5.1 Linearly separable and linearly inseparable

Linear separability refers to the hyperplane (linear function) wTx+b=0w^{T}x +b=0 wTx+b=0, that is, for all sample points xix_{I}xi and its corresponding category yiy_iyi


{ w T x + b > 0 . y = + 1 w T x + b < 0 . y = 1 (1) \begin{cases} w^{T}x+b>0, & \text{y} = +1 \\ w^{T}x+b<0, & \text{y} = -1 \\ \end{cases} \tag1

Here’s what it looks like:

The figure above is linearly indivisible and the figure below is linearly divisible.

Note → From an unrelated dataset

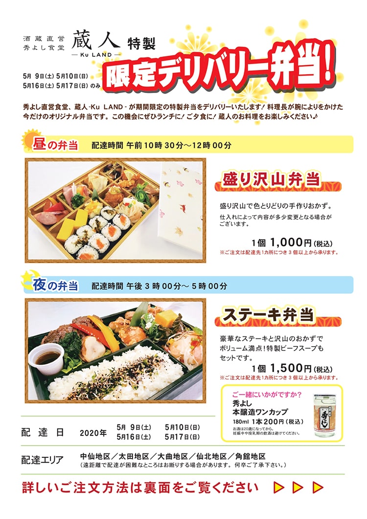 秀よし直営レストラン「 蔵人-Ku Land-」では、期間限定ですがデリバリー弁当をやります。ボリューム満点でお腹がはちきれること間違いなしです!ぜひこの機会にいかがでしょうか?

5.2 Support Vector Machine(SVM)

For the linear separability problem, our goal is to find a hyperplane that can correctly distinguish samples. Since the sample size is limited, we can have many hyperplanes that can correctly classify samples, as shown in the figure below:

So which hyperplane is a better choice? The choice of support vector machine is to find the hyperplane with the largest interval and consider it as the classified hyperplane.

5.2.1 interval

To introduce spacing, we need to introduce several concepts:

1. Support vector

In a linearly separable problem, the support vector refers to the sample point with the smallest distance between the classified hyperplanes. We all know the formula for the distance from a point to a straight line, but extending it to higher dimensions is the formula for the distance from a point to a hyperplane:


r = w T x + b w (2) r = \frac {|w^Tx+b|}{||w||} \tag2

2. Properties of hyperplane equations

For the hyperplane wTx+b=0w^{T}x +b=0 wTx+b=0 after scaling WWW and BBB equally, the hyperplane represented by the equation is invariant. So basically, 5x plus 6 is equal to 0 is the same line as 10x plus 12 is equal to 0.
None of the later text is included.